The European Union provides one of the most developed examples of legal harmonisation and economic integration in the world. Through its supranational legal order and sophisticated competition law framework, the EU has achieved a high degree of regulatory convergence and market integration. Although ASEAN differs substantially from the EU in political, economic and institutional terms, the European experience may offer valuable lessons for ASEAN’s ongoing integration process.
The purpose of this article is to analyse the relationship between legal harmonisation and economic integration in ASEAN and to assess whether elements of the EU competition law framework may contribute to ASEAN’s future development. The study aims to identify similarities and differences between the two regional models and to formulate recommendations for strengthening legal harmonisation within ASEAN.
2. Materials and Methods
The study is based on international and regional legal instruments, including ASEAN legal documents, the ASEAN Economic Community framework, ASEAN competition policy instruments, the Treaty on the Functioning of the European Union (TFEU), EU competition law regulations and relevant academic literature concerning regional integration and legal harmonisation.
The research employs comparative legal, doctrinal and systematic methods.
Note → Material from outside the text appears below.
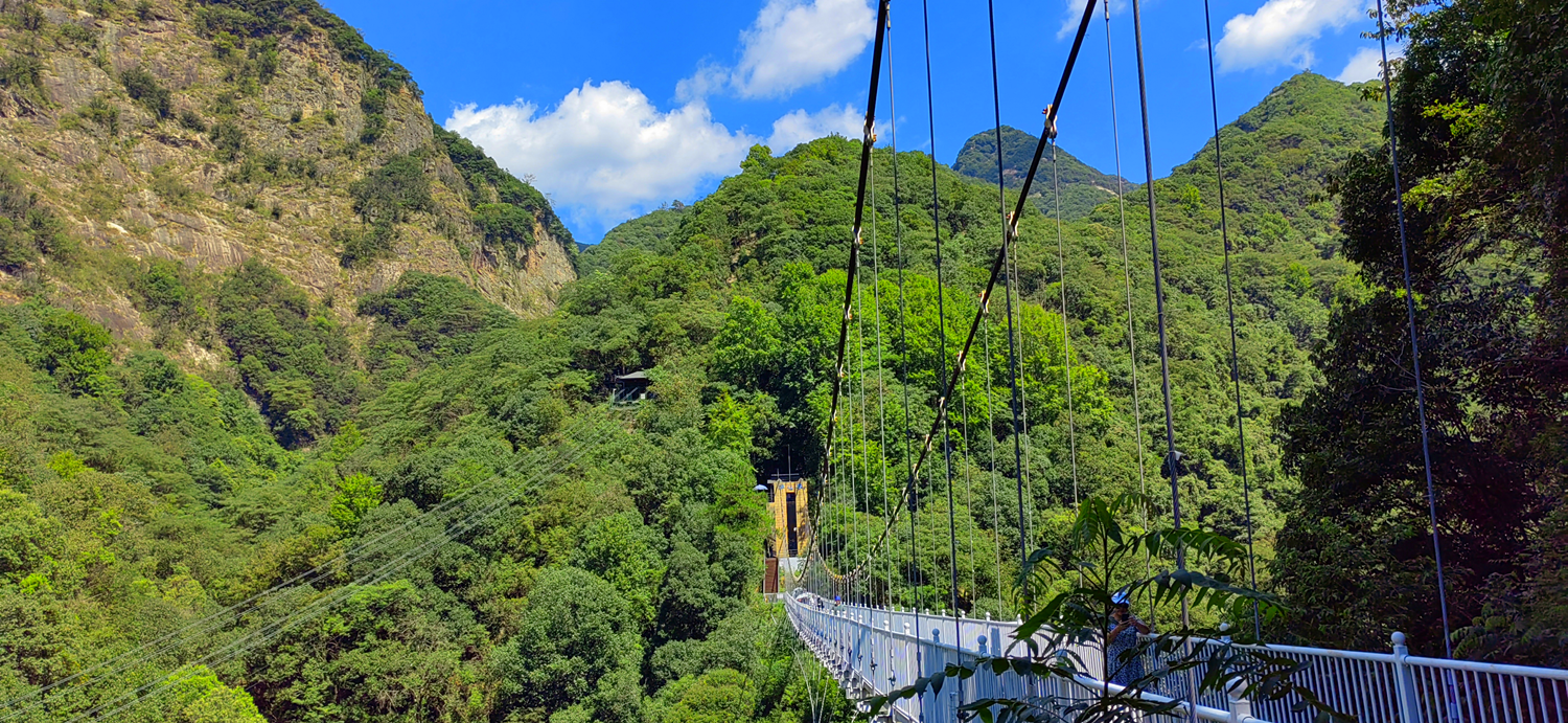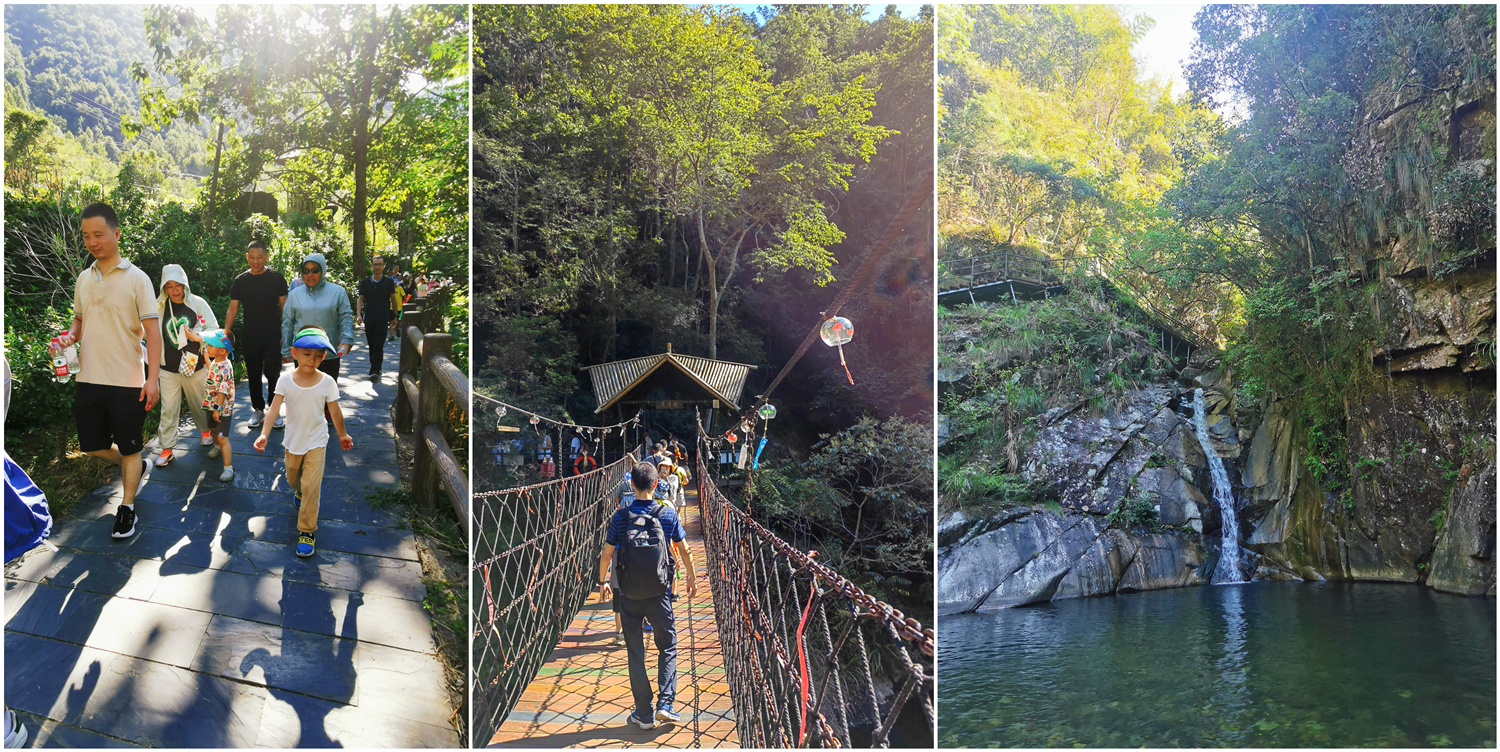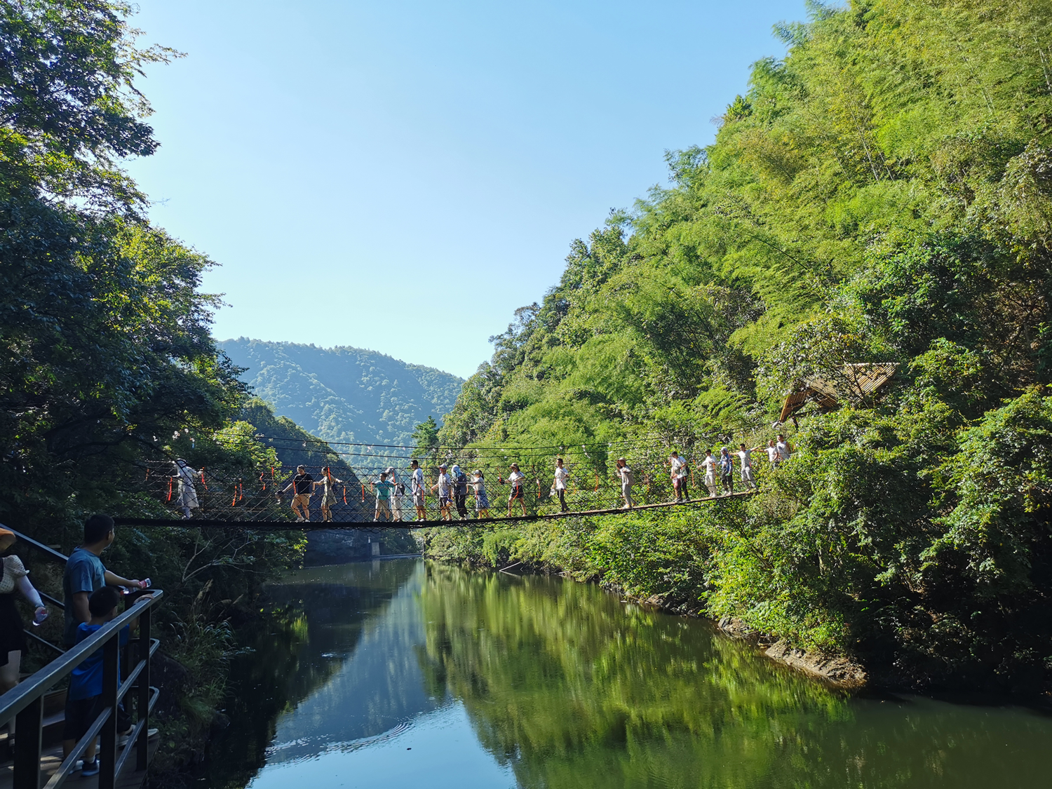 晚上體驗了農(nóng)家樂菜肴和當(dāng)?shù)靥厣袼藓?,第二天早早的起床,吃完早餐集合,大家興致勃勃地乘著大巴來到了醉山野景區(qū),這里是安徽省內(nèi)第一個5D玻璃橋皖南地區(qū)最大的瀑布群。在進入景區(qū)之前,有一段鄉(xiāng)村道路,徒步的過程頂著早上八九點的太陽就覺得酷暑難耐,然而當(dāng)我們正式踏入景點,走在山谷間的步棧道上,遠處是蔥郁的山林、近處是流動的溪水、頂上是一片陰涼,只聽見大朋友們小朋友們都在說“好涼快啊,好涼快??!”沿著步棧道繼續(xù)前行,來到了千花橋,這里是著名的網(wǎng)紅打卡點,小朋友們都絡(luò)繹不絕的脫下鞋子、挽起褲腳,下水嬉戲游玩。有合影拍照的、有撿起小石片仍水花的、還有在石頭縫里抓螃蟹的。大家坐在陰涼的石頭塊上休憩閑聊,甚至玩笑起來,富硒山水、天然氧吧,以后老了退隱山林一定要來這里休養(yǎng)生息。有人不被沿途風(fēng)景耽誤過久,繼續(xù)往山上攀爬,他們到了山頂穿過了玻璃棧橋,體驗了“一覽眾山小”的視野和格局。由于兩個月沒有下雨,雖有山谷溪流卻看不到震撼的黃崖瀑布群,實屬遺憾,卻也給大家下次再來此一游留下了機會。

The comparative legal method is used to analyse differences and similarities between ASEAN and EU approaches to legal harmonisation and competition law. The doctrinal method is applied to examine legal concepts, academic opinions and institutional developments. The systematic method is used to evaluate the coherence of legal frameworks and to formulate recommendations for strengthening ASEAN’s legal harmonisation process.
3. Results and Discussion
3.1. ASEAN and the Challenges of Legal Harmonisation
3.1.1 Regional Economic Integration in ASEAN
Regional economic integration has long constituted one of ASEAN’s principal objectives since its establishment in 1967. Initially conceived as a platform for political stability and regional cooperation rather than economic unification, ASEAN gradually shifted towards economic integration in response to increasing globalisation and regional economic interdependence. The Asian financial crisis of 1997–1998 served as a particularly important turning point, exposing institutional vulnerabilities and encouraging deeper forms of regional cooperation.
The establishment of the ASEAN Economic Community (AEC) marked a major milestone in ASEAN’s integration agenda. Formally inaugurated in 2015, the AEC aims to transform ASEAN into a more integrated and competitive regional economy through four central objectives: (i) establishing a single market and production base; (ii) creating a highly competitive economic region; (iii) promoting equitable economic development; and (iv) integrating ASEAN more fully into the global economy. These objectives demonstrate ASEAN’s ambition to strengthen regional competitiveness while facilitating trade liberalisation and investment flows.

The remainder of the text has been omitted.